Built environments are greedy. They consume much from nature. Blue Architecture provides a vision for reversing the scheme of things and a roadmap for buildings to produce ecosystem services. By giving creative agency to water, Brook Muller offers vital new approaches to urban architecture.
— Frederick R. Steiner, University of Pennsylvania, author of Making Plans: How to Engage with Landscape, Design, and the Urban Environment
A brilliant teacher, theorist and designer, Brook Muller claims the liminal as his domain in advancing water as a foundation for architectural and urban design. He connects poesis with pragmatics, historical vernaculars with the cutting-edge technological, and accountable supply chain with participatory community action. Muller takes on ecosystems courageously, preparing us for the complexity of the conditions we live in, and offering multiple relevant models for realizing hydrologically responsive urban architectures. I want to live in Muller's future, one in which designers are infrastructural collaborators and stewards helping usher in new processes as we build our common future.
— Frances Bronet, President, Pratt Institute
Spirited, teeming with firsthand accounts and exemplary projects drawn from around the world, Blue Architecture leads us through the ways architecture can holistically incorporate water systems beyond the footprint of a single building. Brook Muller not only delivers a different way to look at the role design can play in addressing environmental uncertainty, but also reveals the values designers might bring to their work.
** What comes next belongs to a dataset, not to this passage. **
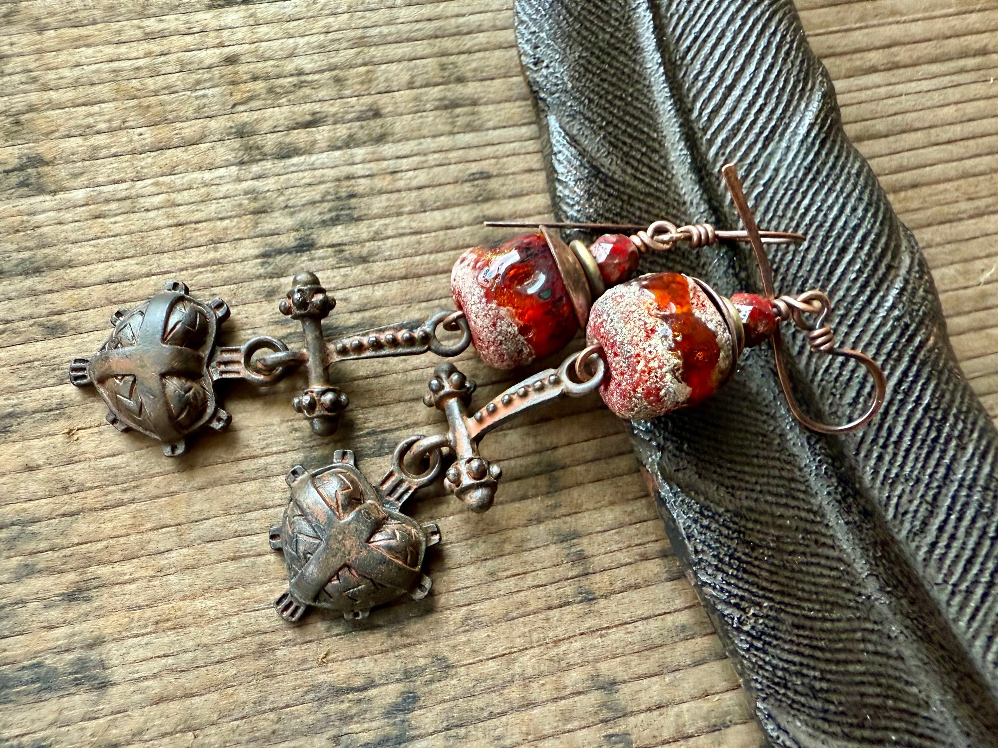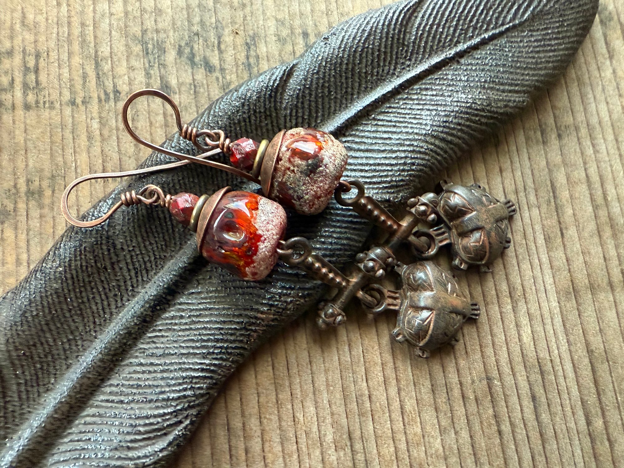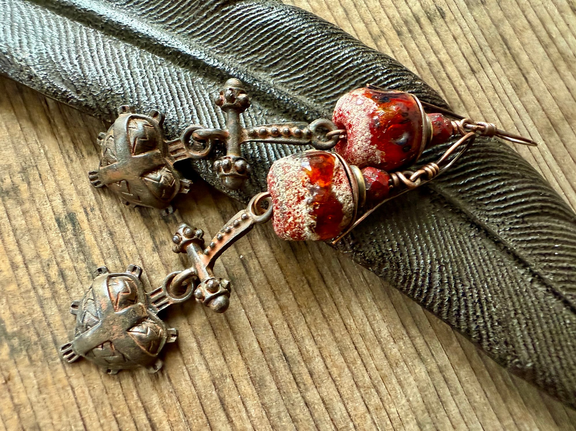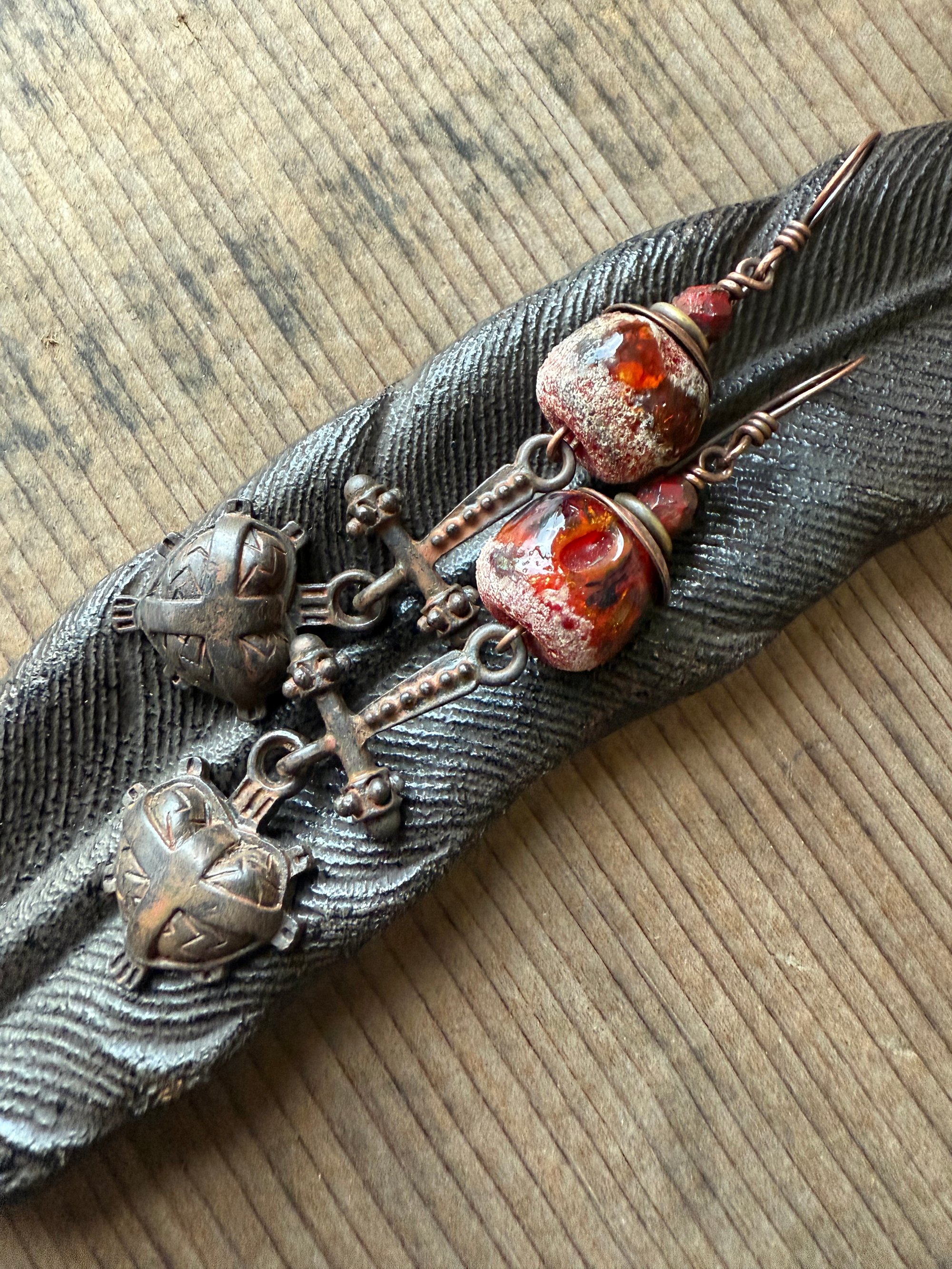 Rusty metal heart focal, an artisan lamp work in gorgeous earthy red shades paired with a Czech glass bead, solid copper bead cap and jump ring, wires and ear wires.

— Anthony Acciavatti, Yale University, author of Ganges Water Machine: Designing New India's Ancient River
This decentralized account of architectural design reconceives the ways in which urban spaces are inhabited and the habituations of those living within such environs. Muller’s analysis carefully and critically meanders throughout different climates and cities, demonstrating the particular and non-universalizable agency of water...Written in an approachable manner for any student of the environment, architecture, art, or philosophy, Muller demonstrates an expertise and familiarity with the terrain of contemporary urban problems and their historical development...Arguing for an understanding of water as agential rather than material obstacle, Muller reconceives not only the task of urban architecture but sustainable development as a whole.
— Environmental Philosophy
With every crippling drought and devastating flood, it becomes clearer that climate change requires both new technics and new politics of urban water . . . it is architects and other professionals engaged primarily at the scale of sites and buildings who will find [Blue Architecture] most useful.
— Journal of the American Planning Association
Muller’s model pulls planners, designers, and scholars into a growing conversation that calls on water first to guide future populations away from isolated resource extraction, industrial conveyance, and erasure schemes whose ethics and economies are becoming outmoded, and toward our era’s urgency for more inclusive human-nature approaches. Brook Muller’s Blue Architecture rightly looks to water and watersheds as integrative designer-builders in 'the hydrological city'.